Available records:
+ + + +

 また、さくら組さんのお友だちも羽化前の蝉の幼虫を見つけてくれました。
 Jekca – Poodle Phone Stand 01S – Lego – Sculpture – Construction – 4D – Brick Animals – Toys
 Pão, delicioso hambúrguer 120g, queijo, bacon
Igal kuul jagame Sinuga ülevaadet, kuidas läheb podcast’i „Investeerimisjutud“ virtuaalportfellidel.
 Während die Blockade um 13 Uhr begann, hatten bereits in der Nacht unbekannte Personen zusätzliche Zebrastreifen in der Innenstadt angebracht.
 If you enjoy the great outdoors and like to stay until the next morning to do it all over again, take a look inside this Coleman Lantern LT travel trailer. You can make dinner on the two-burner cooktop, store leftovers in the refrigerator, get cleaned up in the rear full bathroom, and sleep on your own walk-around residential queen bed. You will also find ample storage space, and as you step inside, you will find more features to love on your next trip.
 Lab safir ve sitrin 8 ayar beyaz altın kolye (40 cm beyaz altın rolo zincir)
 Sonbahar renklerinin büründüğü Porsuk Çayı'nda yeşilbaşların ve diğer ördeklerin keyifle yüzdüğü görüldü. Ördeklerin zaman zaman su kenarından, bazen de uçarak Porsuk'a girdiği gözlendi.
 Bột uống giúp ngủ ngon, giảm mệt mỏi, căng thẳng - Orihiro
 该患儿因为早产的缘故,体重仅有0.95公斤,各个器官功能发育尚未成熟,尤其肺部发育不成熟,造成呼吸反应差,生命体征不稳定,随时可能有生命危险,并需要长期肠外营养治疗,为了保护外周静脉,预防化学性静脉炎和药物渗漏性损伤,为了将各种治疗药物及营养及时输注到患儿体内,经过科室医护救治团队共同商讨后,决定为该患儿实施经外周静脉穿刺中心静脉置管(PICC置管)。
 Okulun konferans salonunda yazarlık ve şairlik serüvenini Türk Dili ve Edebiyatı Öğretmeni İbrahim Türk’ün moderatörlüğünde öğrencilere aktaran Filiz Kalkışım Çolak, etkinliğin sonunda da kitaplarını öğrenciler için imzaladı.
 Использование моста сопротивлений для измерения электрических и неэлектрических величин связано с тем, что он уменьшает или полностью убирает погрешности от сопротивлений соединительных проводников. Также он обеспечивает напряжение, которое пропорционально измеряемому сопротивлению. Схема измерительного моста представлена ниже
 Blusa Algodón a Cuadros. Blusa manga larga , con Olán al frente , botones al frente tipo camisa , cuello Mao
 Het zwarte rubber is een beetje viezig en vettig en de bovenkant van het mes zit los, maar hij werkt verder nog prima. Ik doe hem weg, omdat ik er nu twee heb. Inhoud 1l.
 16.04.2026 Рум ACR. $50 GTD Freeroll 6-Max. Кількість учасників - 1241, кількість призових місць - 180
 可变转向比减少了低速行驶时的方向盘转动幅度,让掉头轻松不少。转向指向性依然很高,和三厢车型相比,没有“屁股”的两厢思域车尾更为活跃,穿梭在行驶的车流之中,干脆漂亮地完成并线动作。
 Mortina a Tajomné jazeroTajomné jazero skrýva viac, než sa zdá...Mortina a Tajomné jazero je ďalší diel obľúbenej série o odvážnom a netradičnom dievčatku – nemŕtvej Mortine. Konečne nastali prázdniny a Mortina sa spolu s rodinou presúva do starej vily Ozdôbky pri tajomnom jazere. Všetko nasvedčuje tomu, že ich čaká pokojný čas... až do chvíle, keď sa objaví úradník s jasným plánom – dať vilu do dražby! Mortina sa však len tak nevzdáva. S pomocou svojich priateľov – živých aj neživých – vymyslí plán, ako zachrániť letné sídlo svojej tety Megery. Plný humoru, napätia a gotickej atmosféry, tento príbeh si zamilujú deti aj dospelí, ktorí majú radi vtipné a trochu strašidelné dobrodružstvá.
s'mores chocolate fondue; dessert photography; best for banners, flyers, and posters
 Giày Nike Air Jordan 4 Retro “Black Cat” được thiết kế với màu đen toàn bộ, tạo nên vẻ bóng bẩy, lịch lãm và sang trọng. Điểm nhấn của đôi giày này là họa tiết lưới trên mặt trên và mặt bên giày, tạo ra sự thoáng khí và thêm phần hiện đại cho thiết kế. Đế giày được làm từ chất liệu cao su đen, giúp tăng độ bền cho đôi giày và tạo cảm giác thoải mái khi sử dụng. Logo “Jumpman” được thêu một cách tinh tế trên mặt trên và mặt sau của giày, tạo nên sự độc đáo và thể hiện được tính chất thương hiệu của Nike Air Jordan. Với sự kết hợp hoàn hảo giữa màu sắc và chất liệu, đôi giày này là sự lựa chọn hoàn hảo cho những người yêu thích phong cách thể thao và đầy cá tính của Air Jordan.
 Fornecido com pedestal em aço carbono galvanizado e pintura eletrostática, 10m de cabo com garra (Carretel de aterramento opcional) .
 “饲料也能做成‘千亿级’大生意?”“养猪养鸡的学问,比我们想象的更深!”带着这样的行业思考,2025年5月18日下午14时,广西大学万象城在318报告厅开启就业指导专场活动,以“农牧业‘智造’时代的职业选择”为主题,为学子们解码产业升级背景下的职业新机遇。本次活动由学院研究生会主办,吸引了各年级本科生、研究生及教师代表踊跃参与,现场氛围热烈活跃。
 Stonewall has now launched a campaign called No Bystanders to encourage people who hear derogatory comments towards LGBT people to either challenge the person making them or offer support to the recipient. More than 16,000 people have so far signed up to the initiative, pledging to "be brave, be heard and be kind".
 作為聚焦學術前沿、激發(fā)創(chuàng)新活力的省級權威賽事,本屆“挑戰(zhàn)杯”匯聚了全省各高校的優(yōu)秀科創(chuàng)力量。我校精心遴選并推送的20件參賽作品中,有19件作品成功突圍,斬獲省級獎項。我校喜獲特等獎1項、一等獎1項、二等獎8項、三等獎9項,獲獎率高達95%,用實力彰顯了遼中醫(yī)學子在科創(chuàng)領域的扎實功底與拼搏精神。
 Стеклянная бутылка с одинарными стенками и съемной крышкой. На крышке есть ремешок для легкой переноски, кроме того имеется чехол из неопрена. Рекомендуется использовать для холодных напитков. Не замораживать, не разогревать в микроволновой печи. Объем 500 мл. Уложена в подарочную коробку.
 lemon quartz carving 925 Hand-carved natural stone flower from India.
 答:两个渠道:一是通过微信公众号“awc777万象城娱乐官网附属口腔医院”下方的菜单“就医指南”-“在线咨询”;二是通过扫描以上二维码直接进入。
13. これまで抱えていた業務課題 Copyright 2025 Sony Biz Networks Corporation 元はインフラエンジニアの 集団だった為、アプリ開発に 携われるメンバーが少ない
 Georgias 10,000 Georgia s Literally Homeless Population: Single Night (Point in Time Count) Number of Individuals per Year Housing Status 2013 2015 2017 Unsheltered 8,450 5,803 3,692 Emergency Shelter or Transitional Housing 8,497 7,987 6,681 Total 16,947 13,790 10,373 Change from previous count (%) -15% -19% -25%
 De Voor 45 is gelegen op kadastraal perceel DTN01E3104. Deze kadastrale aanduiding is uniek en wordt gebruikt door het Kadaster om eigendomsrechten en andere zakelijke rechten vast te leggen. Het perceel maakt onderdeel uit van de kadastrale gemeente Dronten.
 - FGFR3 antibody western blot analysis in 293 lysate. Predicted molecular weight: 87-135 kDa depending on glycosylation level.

+ + + +

Instructions for the task: Your answer should consist solely of the lines above from the line with "lemon quartz carving" to the line with "Georgias 10,000 Georgia", both included, reproduced exactly.

Answer to this exercise:
 lemon quartz carving 925 Hand-carved natural stone flower from India.
 答:两个渠道:一是通过微信公众号“awc777万象城娱乐官网附属口腔医院”下方的菜单“就医指南”-“在线咨询”;二是通过扫描以上二维码直接进入。
13. これまで抱えていた業務課題 Copyright 2025 Sony Biz Networks Corporation 元はインフラエンジニアの 集団だった為、アプリ開発に 携われるメンバーが少ない
 Georgias 10,000 Georgia s Literally Homeless Population: Single Night (Point in Time Count) Number of Individuals per Year Housing Status 2013 2015 2017 Unsheltered 8,450 5,803 3,692 Emergency Shelter or Transitional Housing 8,497 7,987 6,681 Total 16,947 13,790 10,373 Change from previous count (%) -15% -19% -25%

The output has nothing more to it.